Output only the lines below that start at the line containing "Fig 2: Statistical" and end at the line containing "possibility of error", with both ends kept.

Data listing:
——————
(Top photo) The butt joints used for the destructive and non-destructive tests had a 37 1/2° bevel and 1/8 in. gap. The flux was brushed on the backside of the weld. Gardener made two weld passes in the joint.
——————
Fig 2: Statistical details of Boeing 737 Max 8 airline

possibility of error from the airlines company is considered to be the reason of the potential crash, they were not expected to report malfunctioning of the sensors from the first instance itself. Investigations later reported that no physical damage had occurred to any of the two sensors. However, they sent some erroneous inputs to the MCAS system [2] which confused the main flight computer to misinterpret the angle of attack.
——————
Exercise answer:
Fig 2: Statistical details of Boeing 737 Max 8 airline

possibility of error from the airlines company is considered to be the reason of the potential crash, they were not expected to report malfunctioning of the sensors from the first instance itself. Investigations later reported that no physical damage had occurred to any of the two sensors. However, they sent some erroneous inputs to the MCAS system [2] which confused the main flight computer to misinterpret the angle of attack.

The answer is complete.